Animal and semisynthetic insulins are to a greater or lesser extent immunogenic to man but resistance to insulin action is uncommon. Insulin is needed by all patients of Type-1 DM regardless of age, those with ketoacidosis, and most of those with rapid onset of symptoms or weight loss. Almost all children with diabetes require it. Type-2 DM cases where other methods fail or with frequent acute infection, tuberculosis, hepatitis, during surgery and with other complications like nephropathy and retinopathy also need insulin. It is also indispensable in acute metabolic decompensated states in Type-2 DM (like diabetic ketoacidosis, hyperon-molar nonketotic coma, lactic acidosis, etc.). Insulin in Type-2 DM is also used as a combination therapy with OHA. The subcutaneous route is ideal in most cases. The dose of insulin is adjusted on an individual basis, by gradually increasing the dose but carefully avoiding hypoglycemic reactions. Based on the onset and duration of action, insulin preparations are of various types.

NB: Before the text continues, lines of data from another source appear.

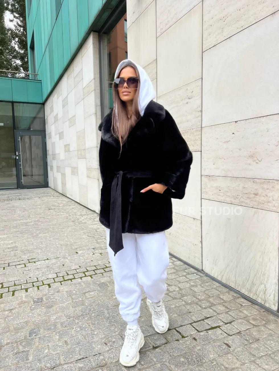 Черная короткая шуба из плюшевой норки Velvet с английским воротником – выбор женщин, которые разбираются в моде. Черный цвет выгодно оттенит цвет волос и глаз хозяйки. Широкие рукава подчеркнут изящество кистей. Удобные карманы позаботятся о комфорте ручек в непогоду. Оригинальный пояс выгодно очертит талию, делая ее изящной. Роскошный английский воротник подчеркнет изгибы шеи.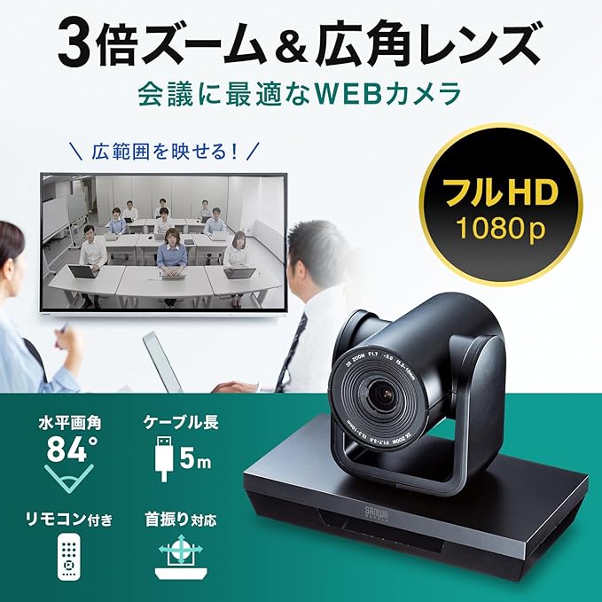 サンワサプライ 3倍ズーム搭載会議用カメラ CMS-V50BK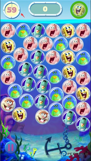 3、消去海绵泡泡,找到隐藏在关底的钥匙泡泡,击中即可完成本关卡。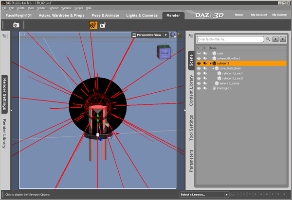 I am trying to create an indicator LED, so I made a sphere primitive and gave it a red ambient channel at 100%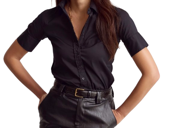 Shop THE DAILY Look The Shirt by Rochelle Behrens, Madewell Kickout Crop Jeans, Rothy’s The Double Bit Driver, Medium Black Shoulder Bag YSL scroll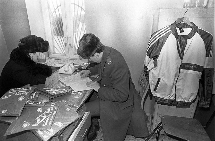 Пойманный фарцовщик с товаром в отделении милиции, 1980–е годы, СССР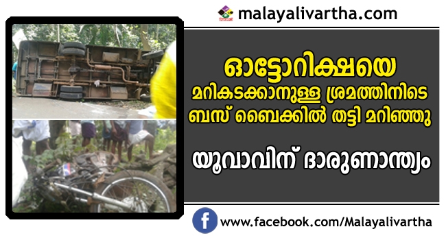 സ്വകാര്യ ബസ് ബൈക്കിലിടിച്ചു മറിഞ്ഞ് ബൈക്ക് യാത്രക്കാരന് മരിച്ചു, 14 പേര്ക്ക് പരിക്ക്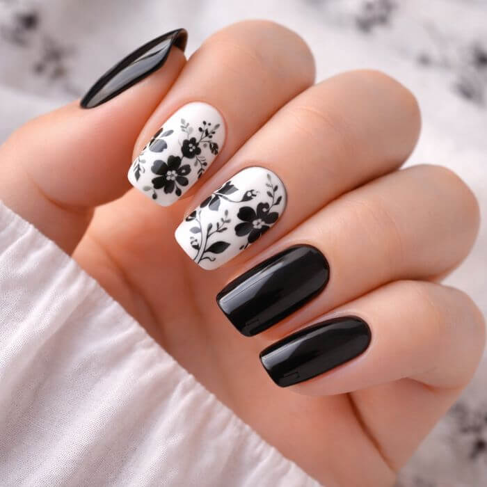 Nail art floral noir et blanc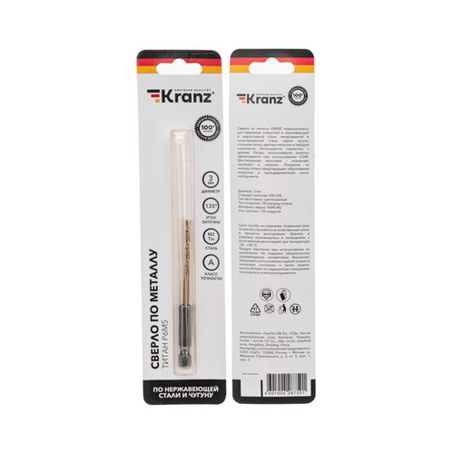 Сверло по металлу 3мм P6M5, титан, шестигранный хвостовик DIN338 KRANZ блистер (1)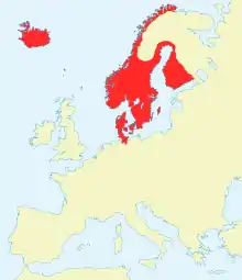 Après la défaite de la France, les Danois paient le prix de leur alliance avec Napoléon Ier et, en 1814, ils doivent céder la Norvège à la Suède. L'Islande, unie à la Norvège depuis 1262, reste sous domination danoise avec le Groenland et les Îles Féroé[A 40].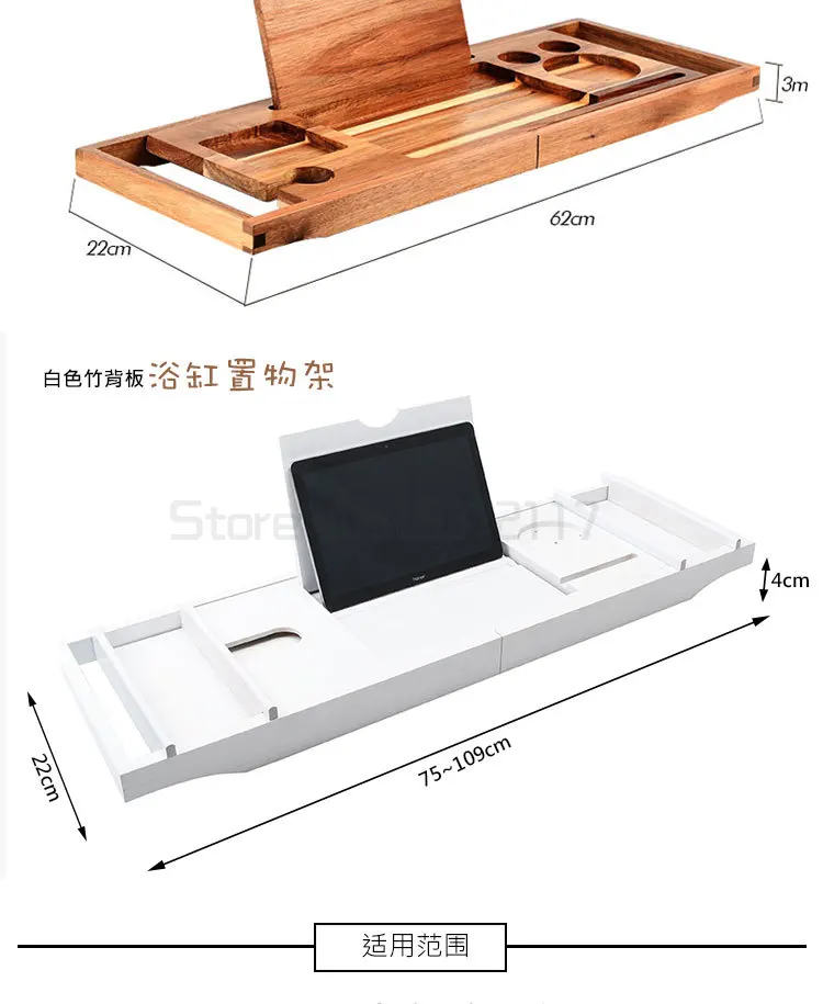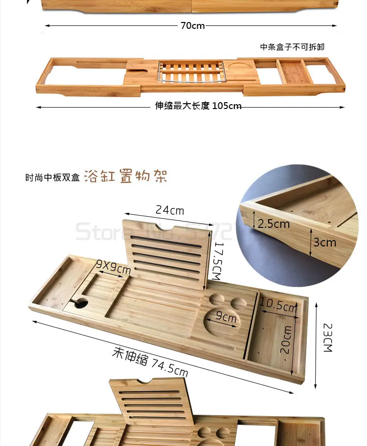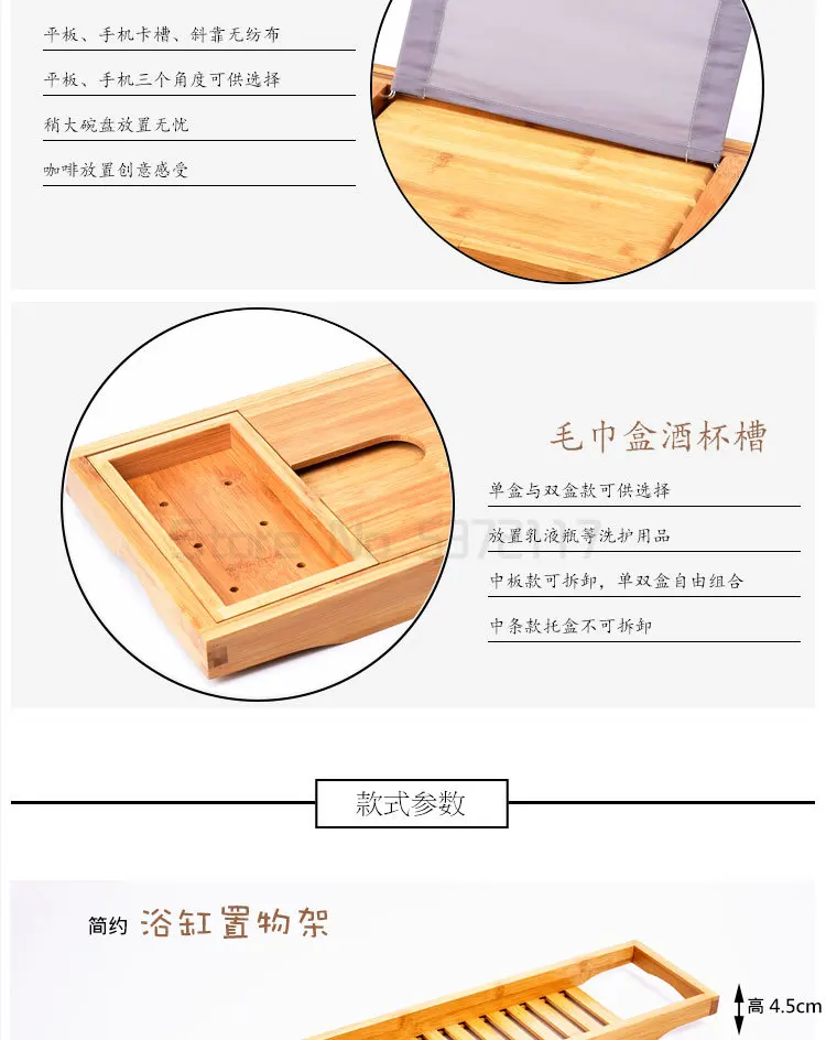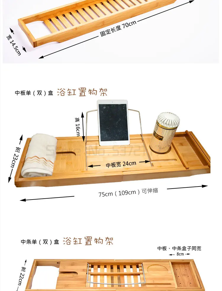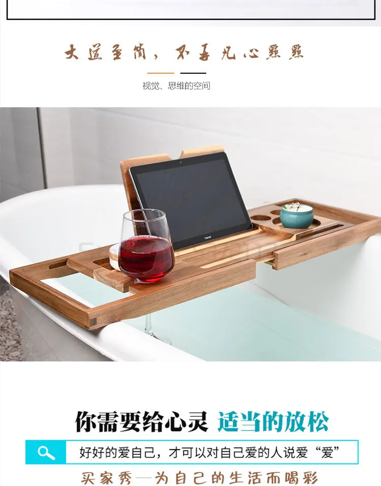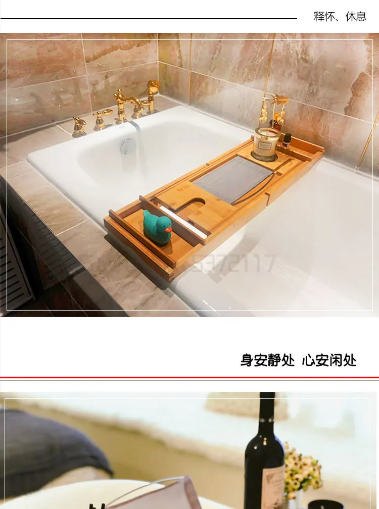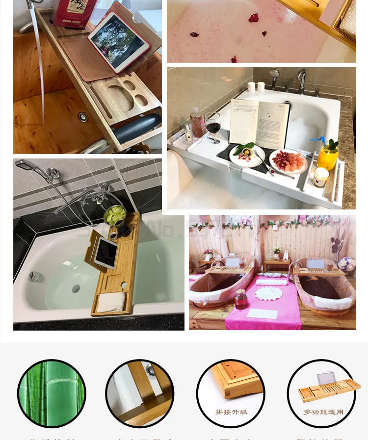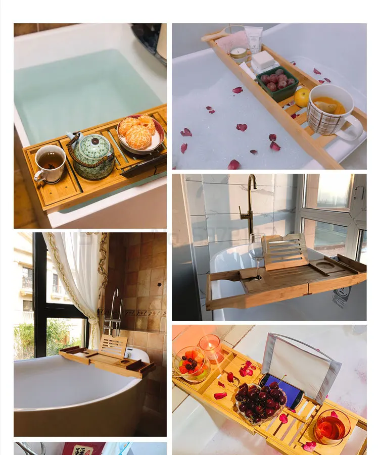 ถาดวางของในอ่างอาบน้ำไม้ไผ่, ชั้นวางอ่างอาบน้ำปรับระดับได้, ถาดหรูหราสำหรับการผ่อนคลายและจัดระเบียบ

Short-acting insulins (e.g. soluble insulin; insulin lispro) have relatively rapid onset of action (about 30-60 minutes) and duration of action up to 8 hours (peak 24 hours). Human insulin has a faster onset and shorter duration of action. With insulin lispro (a human insulin analogue), fasting and preprandial blood glucose is a little lower and hypoglycemia occur less frequently. By the intravenous route, only the soluble insulin can be used, not the other types.

Intermediate-acting insulin (e.g. isophane insulin and insulin zinc suspension) has duration of action of about 24 hours. Long-acting insulin (e.g. crystalline insulin zinc suspension) has long duration of action about 28 hours and slower onset of action after about 4 hours.

Biphasic or Premixed insulin contains a combination of a short acting and intermediate-acting insulin in a standard proportion.

Side effects of insulin therapy include hypoglycemia, allergy, immunologic reaction, insulin edema and lipodystrophy. Patient should be shown the bottle and explained about the type and source of insulin to ensure that the version dispensed is actually the one the patient was expecting.

EXAMPLES OF INSULIN REGIMENS
An appropriate regimen of insulin therapy must be individualized. Usual regimens are one injection a day, two injections a day, multiple (3 to 7) injections a day and insulin pump.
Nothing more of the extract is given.